The PCI express was evolved to support non-transparent bridging (NTB), and this means that a plurality of root complexes may transmit a transaction to each other. Generally, the NTB may require an address of the packet and bus/device/function number to be converted in order to solve a collision problem between global address maps of root complexes different from each other. However, a standard for implementing the conversion function in actual situations is absent.

Without improving capabilities of a Base PCI express protocol, a method for a peer-to-peer processor connection does not exist. Likewise, an ability to connect the switch or an ability to support a topology such a mesh or fat-tree may become problematic. Further, there may be a problem of interoperability between different vendor products.

On the contrary, the PCI express was designed to be tightly integrated with a memory subsystem in a system on chip (SoC) device. This may dramatically reduce latency, and increase a bandwidth. An external fabric interface such as Infiniband or Ethernet requires an additional communication operation in order to move data from a processor memory or to a processor memory.

That is, in a system including a single host device and another processor operating as a slave device, and accelerators, the PCI express may be suitable for the network. However, in a more complex system, the PCI express has a limitation in terms of supporting peer-to-peer connection, and the topology when connecting a plurality of processors.

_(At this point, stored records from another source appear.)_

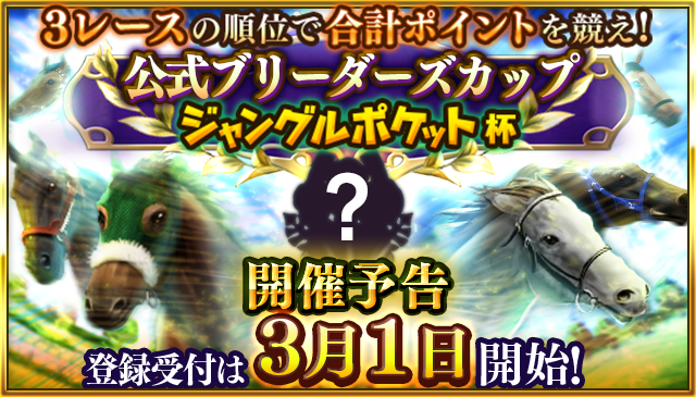 毎月行われている大規模大会を「公式ブリーダーズカップ ジャングルポケット杯」として開催します。ジャパンカップ、天皇賞(春)、天皇賞(秋)の3つの舞台の3レース行われ、各順位に応じて獲得できるポイントの合計数で競う総合ポイントランキングも実施します。
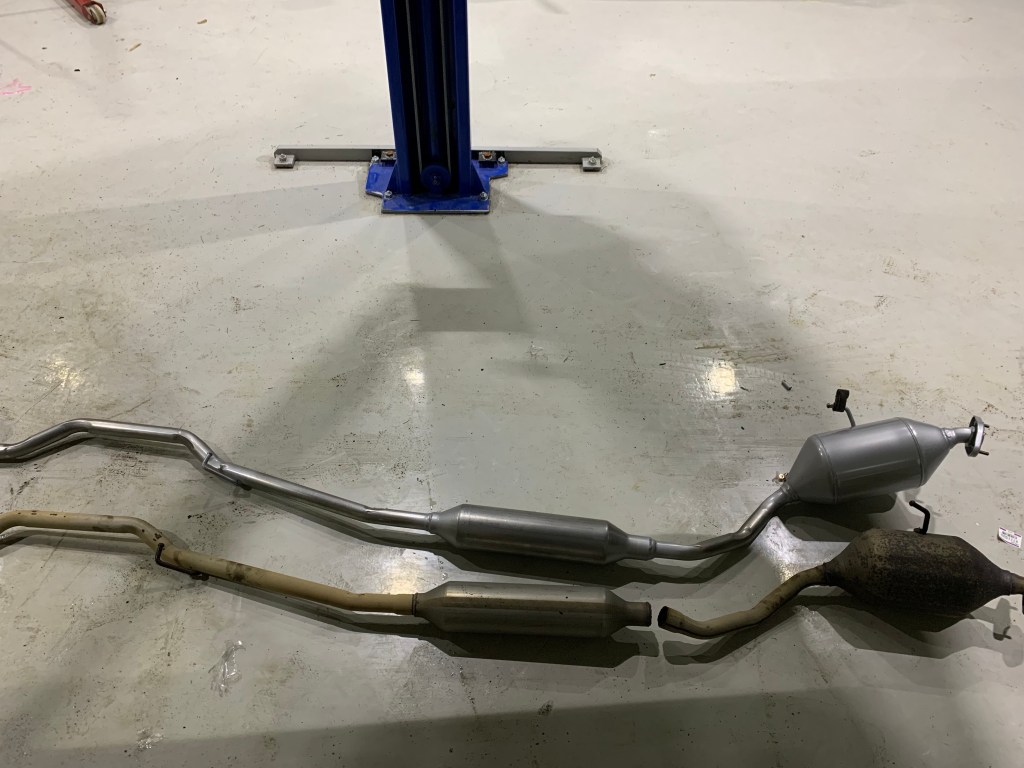 車をリフトアップしてみると、ちょっと穴が開いている程度ではありませんでした。ポッキリとマフラーが折れてしまっています^_^;
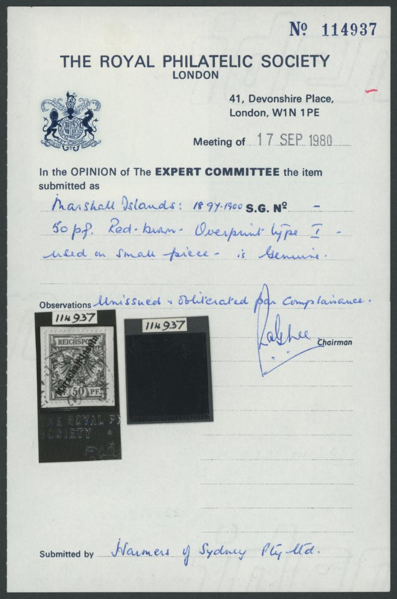 MARSHALL ISLANDS: 1899 'Marschall-Inseln' Overprints Berlin Issue 50pf red-brown Michel 6II (Scott 6; Gibbons unlisted) tied to
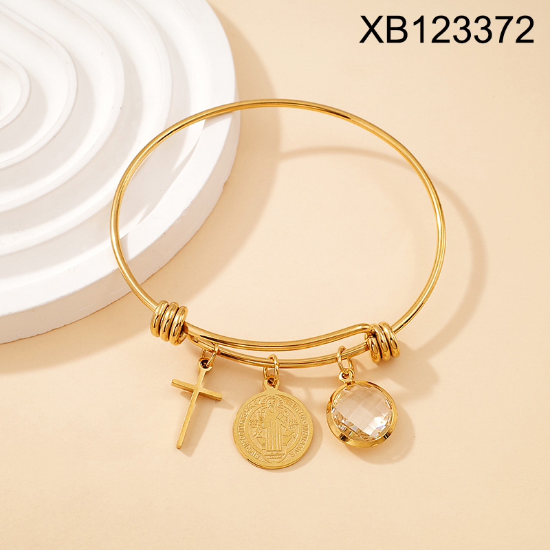 Level B Stainless Steel New Trendy Women Jewelry Religion Cross Golden Bangle

Meanwhile, in a data center environment, Ethernet is ubiquitous, and an Ethernet switch was evolved to support various virtual local area networks (LANs) which can be routed using a much more simple indexing method. Accordingly, in the data center, Ethernet may be useful for communication between computers, but unnecessary power, costs, complexity may be increased when internal point-to-point communication in an embedded computer, that is, Ethernet as a fabric solution is used.

Ethernet and a transmission control protocol (TCP)/Internet protocol (IP) supporting Ethernet are designed to suitable for a lossy and dynamic environment. They may be suitable for connecting distributed heterogeneous computers.

However, when the computers are hosted and virtualized in processor arrays which are closely connected, an overhead may be generated since Ethernet has a lossy connection with a software-based communication protocol.

Further, one-way communication of Ethernet based on the switch using the TCP/IP may generally require tens of microseconds. A traditional multicore processor may perform hundreds millions of operations during a time taken for transceiving a communication message in one processor. For example, when a clock speed is 10 MHz, a clock period is 100 ns, that is, a time taken for transceiving a message is about 100 ns.

The Ethernet protocol does not support an automatic packet acknowledgement, meaning that the target of an Ethernet packet does not automatically communicate back to the sender the receipt of the packet or the results of the request. By leaving the packet reliability confirmation to software, Ethernet may have significant latency in a low level transaction compared to the PCI express.

For example, when Ethernet is used for performing something like a remote memory read operation, a very common remote direct memory access (RDMA) read operation, Ethernet network interface card hardware receives the packet including the read request, and software interprets the packet. Further, the packet is classified as a specific type, and when being confirmed as an RDMA read operation, a request message is transmitted to the RDMA software. The RDMA software interprets the request, confirms the requested data, and prepares the Ethernet packet.

A response packet may transmit the requested data to a requestor through the TCP/IP, Ethernet stack, and driver software. On the contrary, a read operation of data in the PCI express may be performed in the hardware without interaction of the software, and generally, transaction latency may be 1 us to 500 ns. This may be a time which is much shorter than a time taken when accessing an on-chip resource or a dynamic random access memory (DRAM).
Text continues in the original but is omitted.